Task instructions | Restate the lines word for word, from the first line of the records through the line containing "16.04.2021 Gepflasterte Bereiche". Leave out the pictures and anything after that line.

Stored items from a collection
----------------
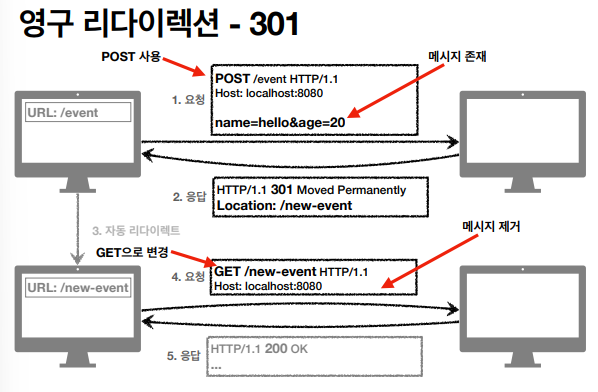 - 영구 리다이렉션 : 특정 리소스의 URI가 영구적으로 이동
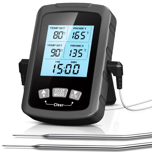 CIRYCASE Thermomètre Cuisine avec Sondes Doubles 16.3cm, Minuteur et Température Préréglée Thermometre Cuisson Numérique Lecture Instantané avec Écran LCD & Auto-Arrêt pour Barbecue/Fumoir/Grill/Meat
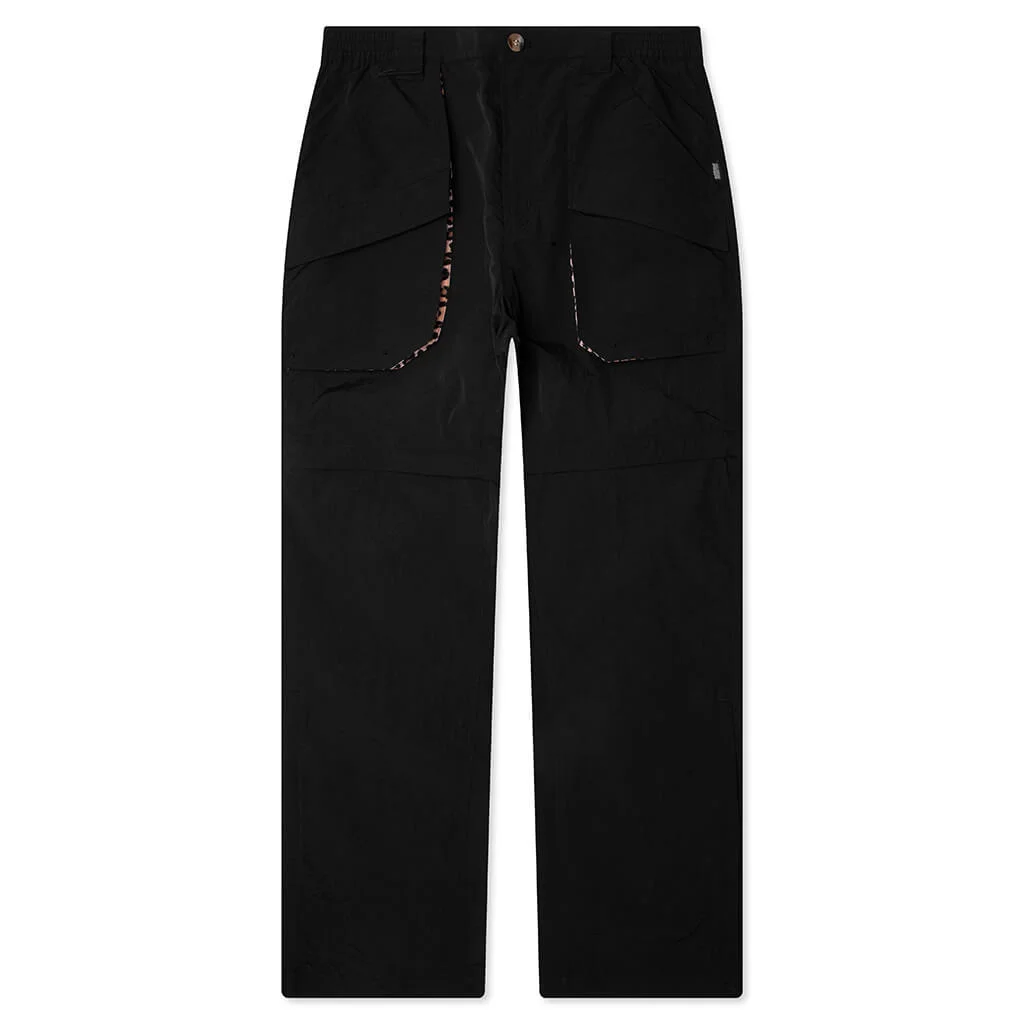 Built from smooth polyester, the Metalwood Studio Bomber Pant reimagines a classic silhouette with modern detail. Featuring an elastic waistband, a zip-fly with button closure, and six-pocket design. Underneath the pockets, contrast cheetah-print fabric decorate the pocket panels. Zippered panels and cuffs complete the look. - 100% Polyester - Elastic waistband - Zip-fly with button closure - 6-pocket design - Zippered panels - Zippered cuffs - Style No: 25FW-08-100-BLK
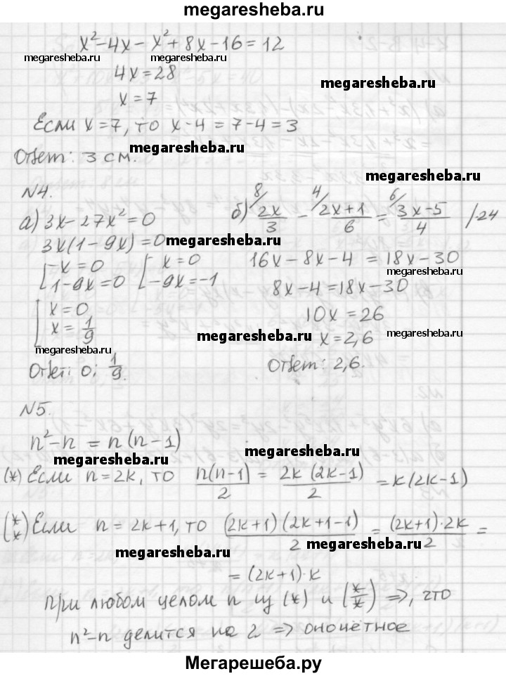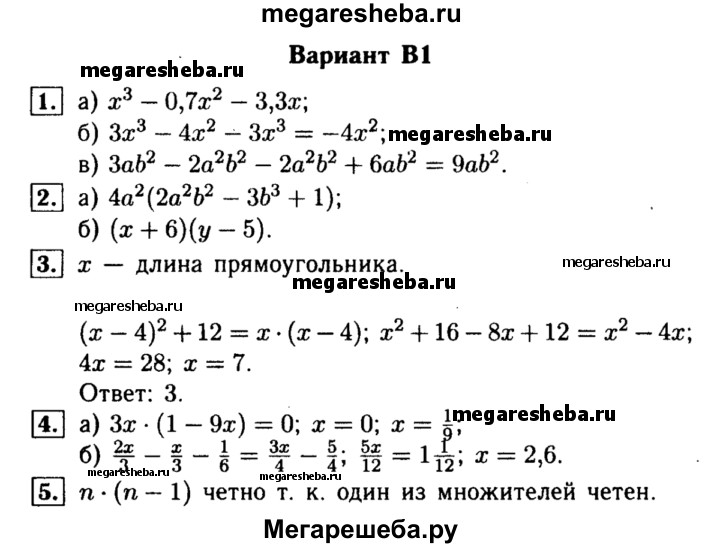 Вариант В1 1. Выполните действия: а) (x3+1,3x2 -2х)-(1,3х +2х2); б) 4х(0,75х2 - х) - Зх3; в) (3 - 2a)ab2 - (ab – 3b)2аb. 2. Вынесите общий множитель за скобки: а) 8а4b2 - 12а2b3 + 4а2; б) х(у - 5) - 6(5 - у). 3. Длину прямоугольника уменьшили на 4 см и получили квадрат, площадь которого меньше площади прямоугольника на 12 см2. Найдите сторону квадрата. 4. Решите уравнения: а) Зх - 27х2 = 0; б) 2x/3 – 2x+1/6= 3x – 5/4. 5. Докажите, что при целом n число n2 - n четно.
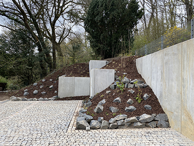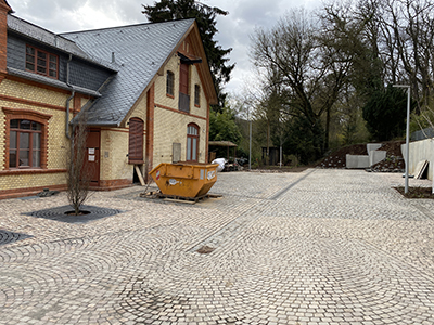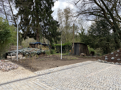 16.04.2021 Gepflasterte Bereiche und Parkplätze im Bereich vor dem Mühlengebäude und dem Pferdestall – mit neu angelegtem Hang. |
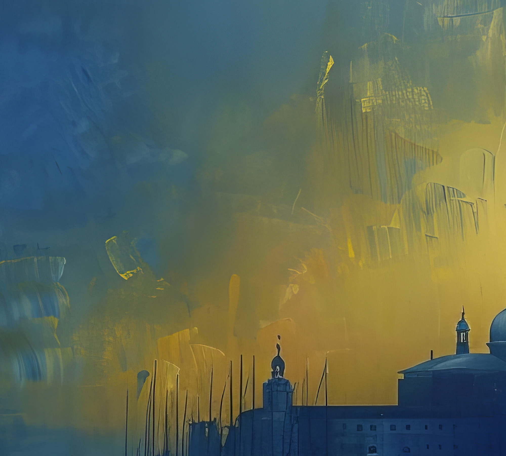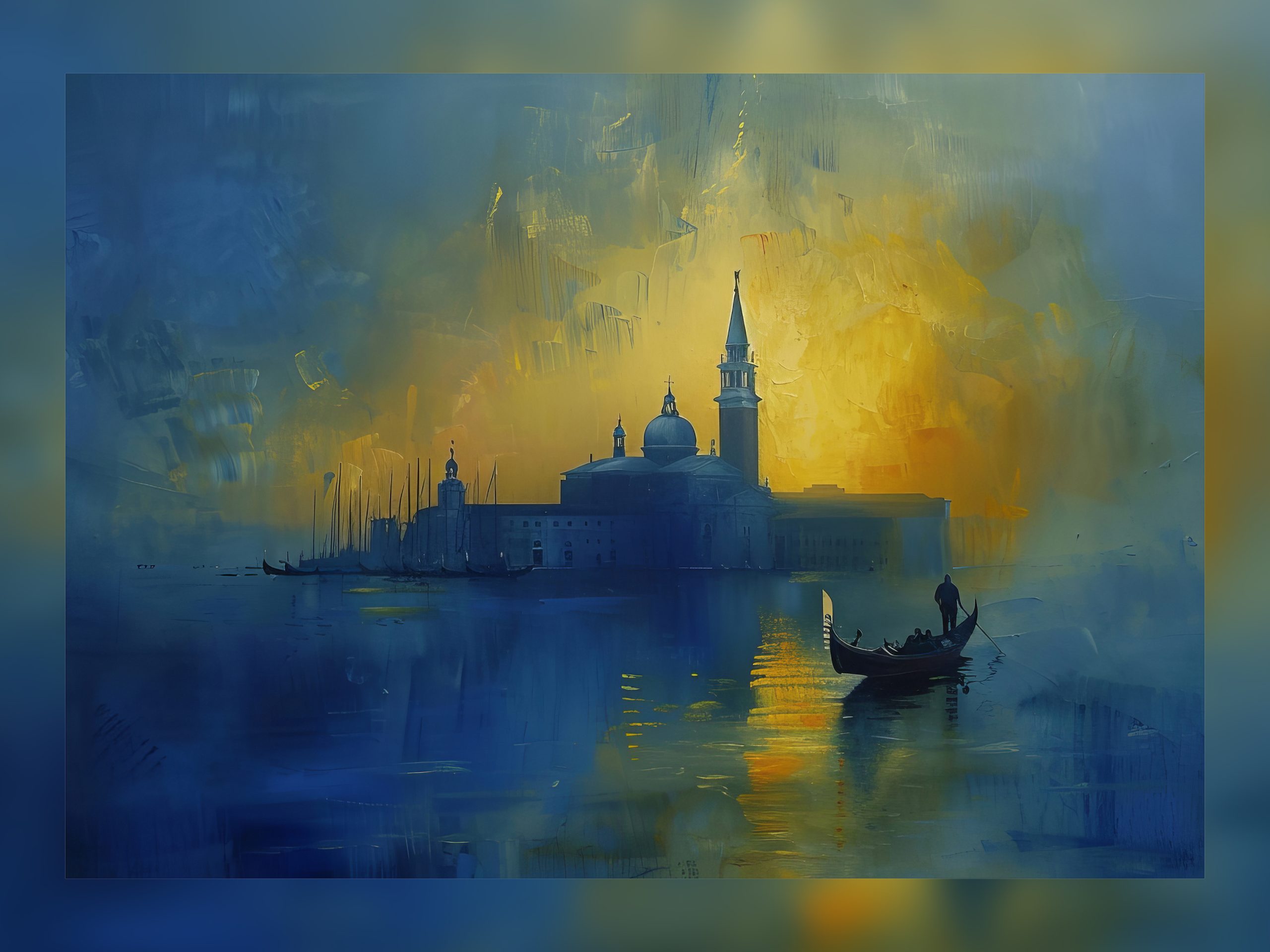Step into serenity with ‘Serene Seascape.’ This artwork invites you to pause and immerse in its tranquil blues and golden hues. A calm sea mirrors the sky as dawn breaks, painting the horizon with promise. In the foreground, a solitary gondola glides, a silhouette against the awakening day.
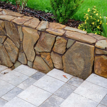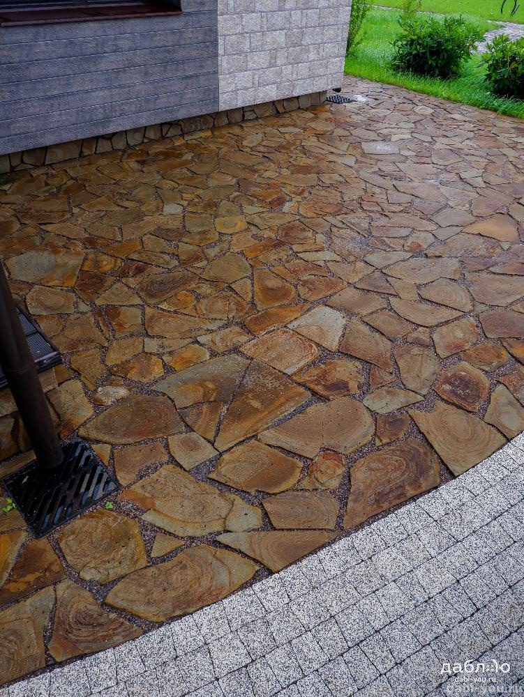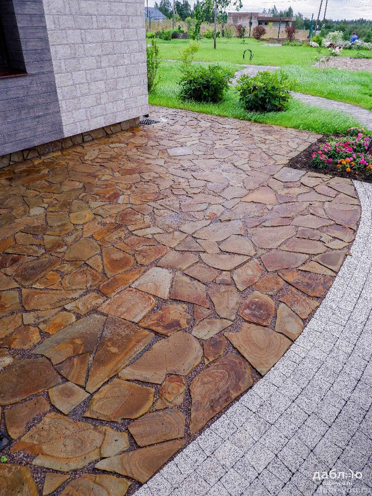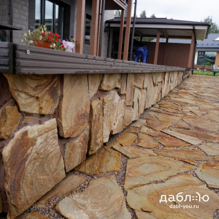 Песчаник тигровый рваный край 40 мм. Очень прочный камень с привлекательной расцветкой. Природный камень с толщиной 40 мм используют в качестве материала для садовых дорожек и парковочных зон. Отлично сочетается со многими материалами.- Вес: 100 кг м2
----------------
Expected answer |
 - 영구 리다이렉션 : 특정 리소스의 URI가 영구적으로 이동
 CIRYCASE Thermomètre Cuisine avec Sondes Doubles 16.3cm, Minuteur et Température Préréglée Thermometre Cuisson Numérique Lecture Instantané avec Écran LCD & Auto-Arrêt pour Barbecue/Fumoir/Grill/Meat
 Built from smooth polyester, the Metalwood Studio Bomber Pant reimagines a classic silhouette with modern detail. Featuring an elastic waistband, a zip-fly with button closure, and six-pocket design. Underneath the pockets, contrast cheetah-print fabric decorate the pocket panels. Zippered panels and cuffs complete the look. - 100% Polyester - Elastic waistband - Zip-fly with button closure - 6-pocket design - Zippered panels - Zippered cuffs - Style No: 25FW-08-100-BLK
 Вариант В1 1. Выполните действия: а) (x3+1,3x2 -2х)-(1,3х +2х2); б) 4х(0,75х2 - х) - Зх3; в) (3 - 2a)ab2 - (ab – 3b)2аb. 2. Вынесите общий множитель за скобки: а) 8а4b2 - 12а2b3 + 4а2; б) х(у - 5) - 6(5 - у). 3. Длину прямоугольника уменьшили на 4 см и получили квадрат, площадь которого меньше площади прямоугольника на 12 см2. Найдите сторону квадрата. 4. Решите уравнения: а) Зх - 27х2 = 0; б) 2x/3 – 2x+1/6= 3x – 5/4. 5. Докажите, что при целом n число n2 - n четно.
 16.04.2021 Gepflasterte Bereiche und Parkplätze im Bereich vor dem Mühlengebäude und dem Pferdestall – mit neu angelegtem Hang. |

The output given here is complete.